Allegations of improper use of confidential informants to obtain confessions and information in the jails exploded in the case of Scott Dekraai, the worst mass killer in the county’s history, who ultimately pleaded guilty and was sentenced to life in prison without the possibility of parole when an Orange County Superior Court judge removed the death penalty as an option for prosecutors because of the informant scandal.
Supervisor Doug Chaffee joined Steel’s criticism of the OIR, which is tasked with oversight of the District Attorney’s Office, Sheriff’s Department, Probation Department and Public Defender.
“I’m baffled as to why it’s even here,” Chaffee said. “And why is it under the purview of the board instead of under the internal auditor, which is a more independent source.”
The criticism came during the board’s meeting to discuss the proposed county budget for the 2019-20 fiscal year.
Spitzer offered a history lesson on the revamped OIR in 2015.
“What was going on in court at that time was very monumental but it still remains,” Spitzer said of evidentiary hearings in the Dekraai case. “When I came into office obviously there were a lot of allegations against deputy sheriffs testifying untruthfully. Well, unbeknownst to me, there was a letter clearing those deputy sheriffs before I assumed office.”
Spitzer asked the OIR to review the letter clearing the deputies of wrongdoing and offer an opinion on whether he could revisit the issue.
The OIR could not review the letter because it was not part of its current duties, Spitzer said.
“But before you might consider the fate of the OIR in this county I will tell you it is a very important oversight function,” Spitzer said. “My office needs that oversight.”
Spitzer said it was “very troublesome” to him that Rackauckas made the decision despite the objections of senior executives in his office.
What was at issue was whether deputies still employed should be put on so-called “Brady Lists,” a reference to the law that requires prosecutors to turn over evidence to defense attorneys. When deputies are put on the list defense attorneys are alerted.
In the Dec. 20 letter to then-Sheriff Sandra Hutchens and current Sheriff Don Barnes, Rackauckas said 10 deputies were investigated for their ties to the special handling unit.
“After a careful review of the recommendations made by OCDA staff, and as the District Attorney of Orange County, I have decided NOT to open a Brady investigative file on any of the above named OCSD personnel,” wrote Rackauckas, who had been defeated the prior month by Spitzer in his bid for re-election.

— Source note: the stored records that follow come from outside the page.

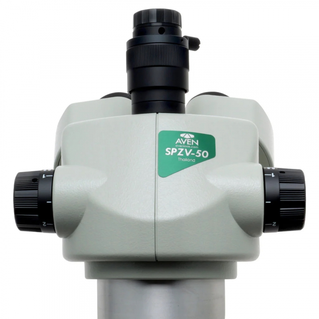 Aven, 26800B-725, SPZV-50 Stereo Zoom Trinocular 6.75x to 50x Microscope on Post Stand with Eidos Camera, Integrated LED Light, and LED Backlight
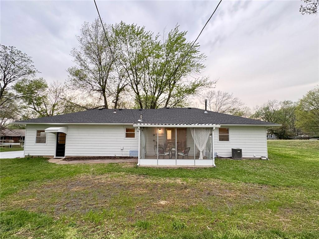 Welcome home! This beautifully maintained mid-century ranch is perfectly situated on a spacious corner lot in a desirable Harrisonville location close to schools, shopping, and parks. This move-in ready home offers a wonderful blend of classic charm and modern updates throughout. Recent improvements include fresh interior and exterior paint, updated yard drainage, and a roof less than three years old. Major mechanicals have been well maintained with a recently serviced HVAC system (including updated control module), a newer hot water heater, and a sump pump approximately three years old. Interior updates shine with new carpet in the living room, refinished hardwood floors in all bedrooms, new ceramic tile in the bathroom, and luxury vinyl plank flooring in the kitchen and dining areas. The kitchen also features a newer oven, making it both functional and inviting. Enjoy year-round comfort in the bright four-season room just off the kitchen—perfect for relaxing or entertaining. Additional upgrades include epoxy-coated floors in the basement, garage, and utility shed, along with a newly installed sidewalk and driveway built with durable, reinforced concrete for long-term value. The unfinished basement provides excellent opportunity for future expansion—ideal for a recreation room, home gym, or additional living space.
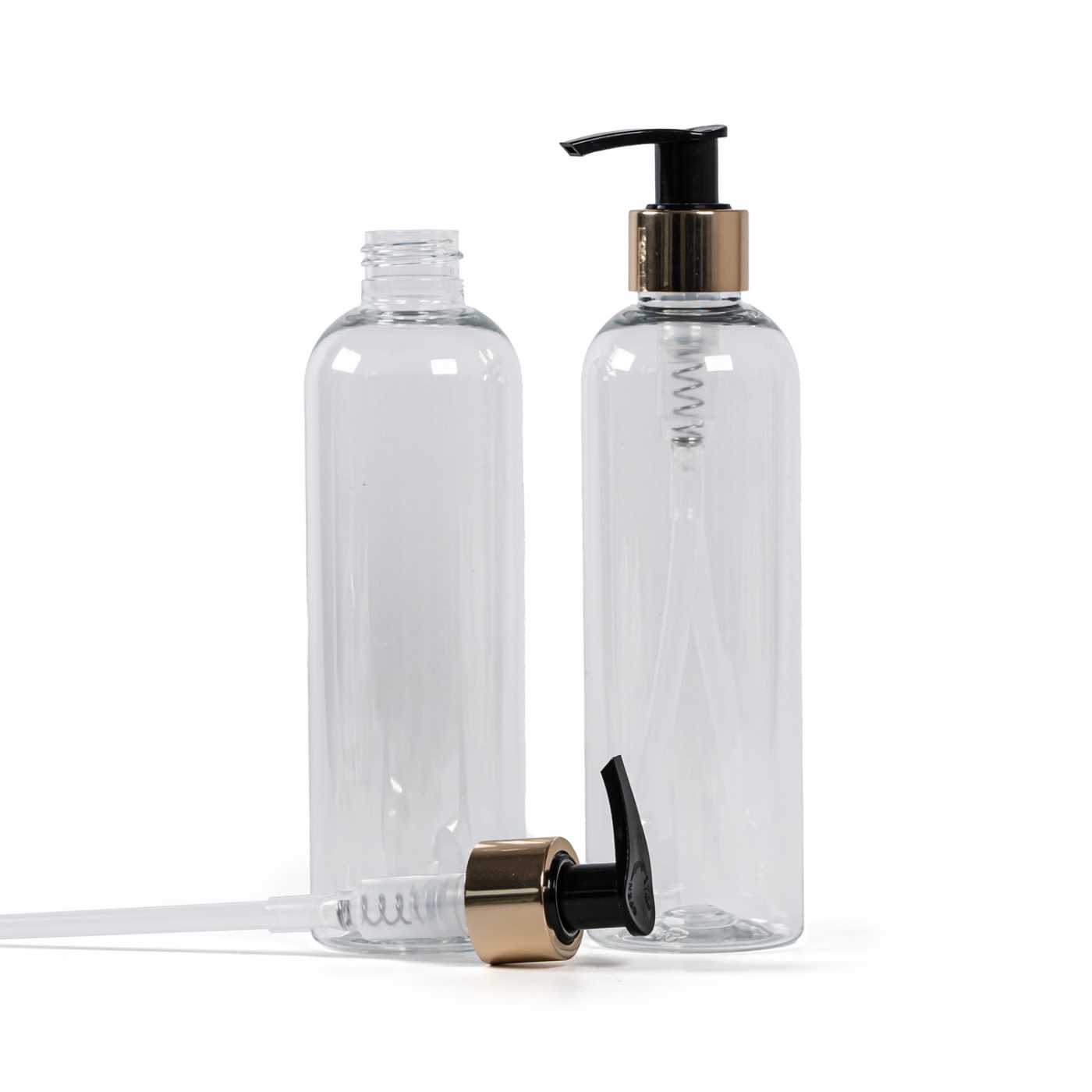 Átlátszó műanyag palack, arany adagolószivattyú, 250 ml
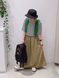 特にキャンプなどの外にいる事の多いお出かけでは、大きなポケットのあるスカートだとちょっとした物を入れられるので◎
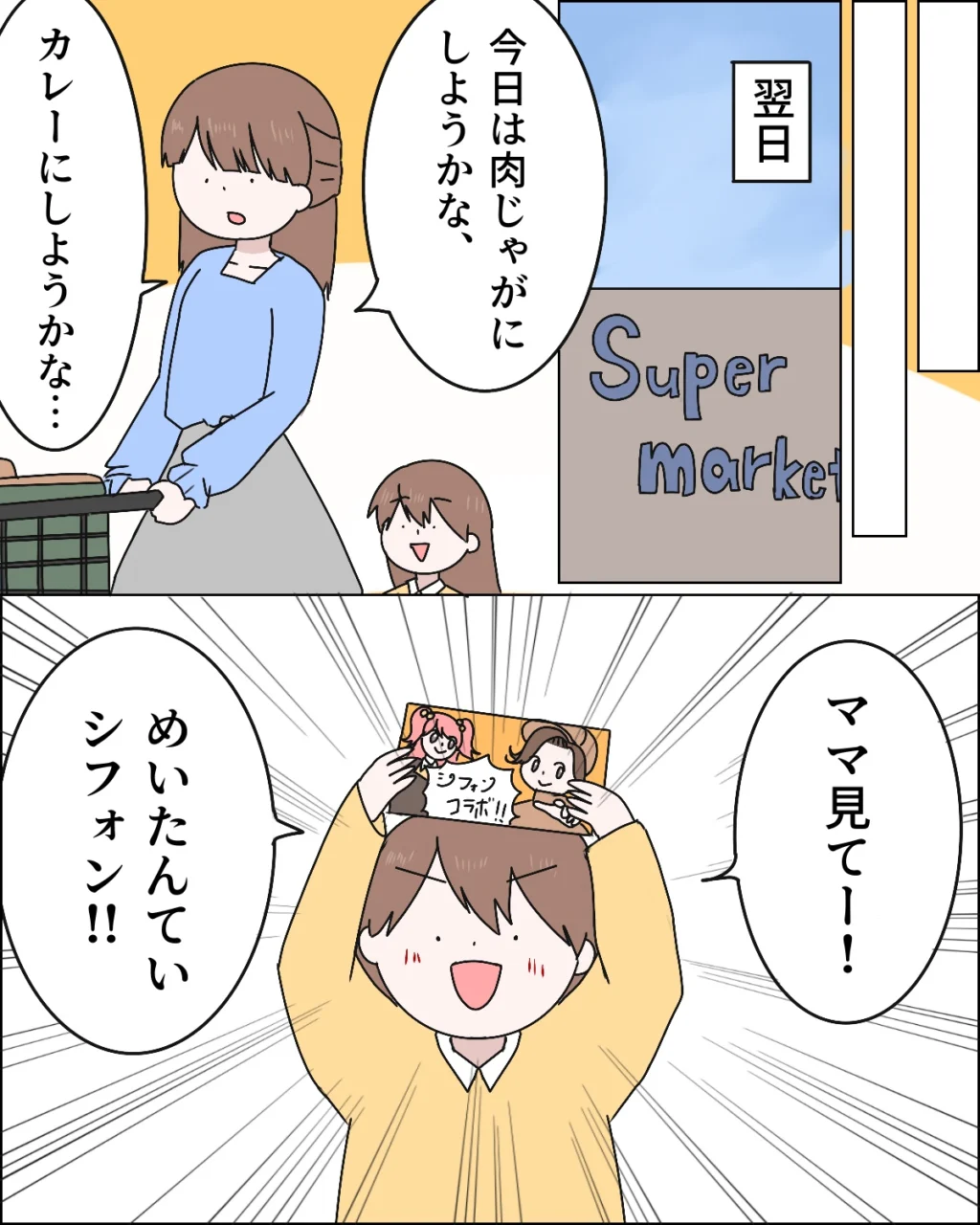 翌日、夕飯の買い出しのため、スーパーにやってきた私とマナ。肉じゃがにするか、それともカレーにするか・・・献立に悩んでいると、「ママ見てー! めいたんていシフォン!」とマナが嬉しそうに声を上げます。マナの手には、名探偵シフォンとコラボしたお菓子が握られていました。

Rackauckas wrote that his decision was not affected by the Attorney General’s Office’s decision to not pursue criminal charges against sheriff’s deputies or prosecutors involved in the Dekraai case.
At that time it was not known the Attorney General’s Office had decided to drop its investigation without charges.
That revelation came in April in a relatively minor drug possession for sale case in the North Justice Center courthouse where Dekraai’s attorney, Scott Sanders, was again pushing for more records of deputies in the special handling unit on behalf of his current client Oscar Galeno Garcia. A deputy attorney general revealed the probe was concluded under questioning by an Orange County Superior Court judge.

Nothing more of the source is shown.